Abstract

Induction chemotherapy (IndCT) has become an option of initial treatment for advanced nasopharyngeal carcinoma (NPC) patients. We hypothesized that plasma EBV DNA (pEBV DNA) status afterIndCT could predict long-term treatment outcome. This retrospective study included 206 previously untreated, pathologically-proven NPC patients with stage II-IVB diseases and available pEBV DNA data after IndCT before radiotherapy (RT). All patients received a uniform protocol of ten weekly IndCT consisting of cisplatin 60 mg/m2 on day 1 and 5- fluorouracil 2500 mg/m2 + leucovorin 250 mg/m2 on day 8, repeated every 2 weeks for 5 cycles, followed by RT 70-74 Gy. After a median follow-up of 90 months, there were 71 recurrences and 85 deaths.
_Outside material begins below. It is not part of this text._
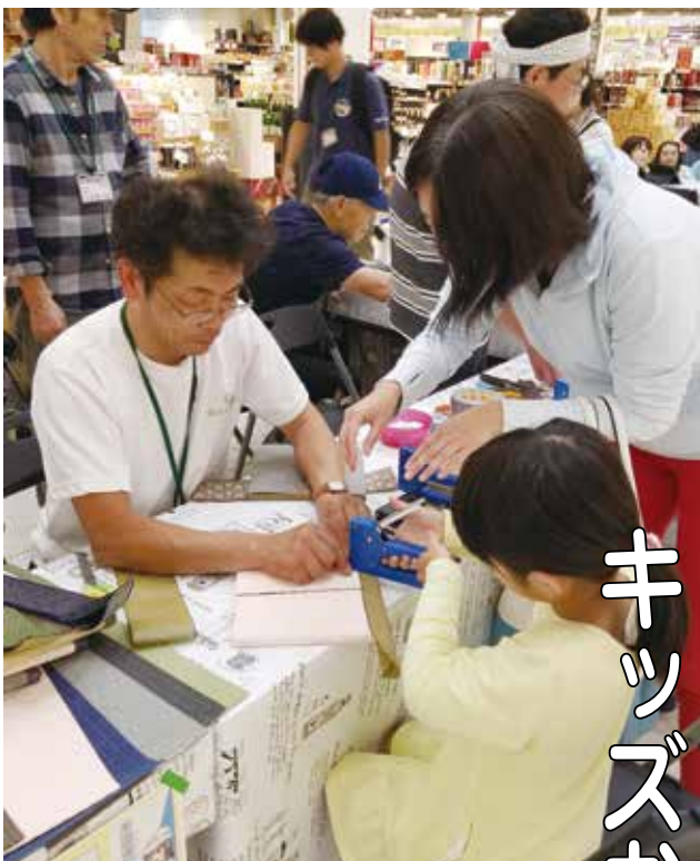
慣れないタッカーを使ってミニ畳を作る体験者

おだやかな一日でした。三葉分会では7人が東久留米駅で合流して電車に乗り込みました。ちよつと混み合っていました。先に乗車していた女性が席を立ち「どうぞ」と声を掛けてくださいました。私はびつくりしましたが、杖を持つていたから気を遣ってくださったのだとわかり、「あら、すみません、ありがとうございます」と遠慮なく席に着きました。いよいよ白いシンフォニーが待っている日の出棧橋に着き、乗船してランチの席に着くと、すでにバイキング料理が用意されていて、早速担当から説明を受けて、器を持って料理選びに何度も廻りながら他の皆の顔を見ると、ニコニコでした。気が付くと船はすでに動き出していて、「あらずい分静かねー」と窓から海を見たら、波はおだやかなさざ波です。何分過ぎたのかわからなかったですが、シンフォニーは、東京湾の中のハートラインをクルージングして行きました。これが私には特に嬉しい体験でした。広い海に船や長い橋、羽田空港、めずらしい船等と風景を楽しんでいるうちに、あつという間にランチタイムは終わりになりました。その後築地の場外市場を見学し、好きなものを買いて帰って楽しんだ一日でした。

Pretreatment pEBV DNA (median, 1550 copies/ml; interquantile range, 375-5688) was detectable in 95.1% (196/206) patients. Only 40.8% (84/206) patients had detectable pEBV DNA (> 0 copy/ml) after IndCT with very lower copy numbers (median, 18 copies/ml; interquantile range, 7-153, for these 84 patients). Patients with a higher N-classification (N3 vs. N0-2, P<0.0001) and overall stage (IV vs. II-III, P=0.0400) had a higher detectable pEBV DNA after IndCT. Forty-twor of 84 (50.0%) patients with detectable pEBV DNA (> 0 copy/ml) developed tumor relapse, whereas 23.8% (29/122) patients with undetectable pEBV DNA (= 0 copy/ml) had tumor relapse (P<0.0001). The patterns of failure revealed that patients with detectable post-IndCT pEBV DNA had more distant (39.3% vs. 17.2%, P=0.0004) and neck (7.1% vs. 1.6%, P=0.0650) failures but not local recurrence (11.9% vs. 9.8%, P=0.6366), compared with those of undetectable EBV DNA.The 5-year overall survival rates were 63.1% and 70.4% for patients with post-IndCT viral load > and = 0 copies/ml (P=0.0010). The corresponding figures of relapse-free survival rates were 54.4% and 78.4% (P<0.0001). Post-IndCT pEBV DNA status can predict long-term outcome for NPC patients. More intensive treatment strategy for these high-risk patients with persistently detectable pEBV DNA after IndCT should be studied further.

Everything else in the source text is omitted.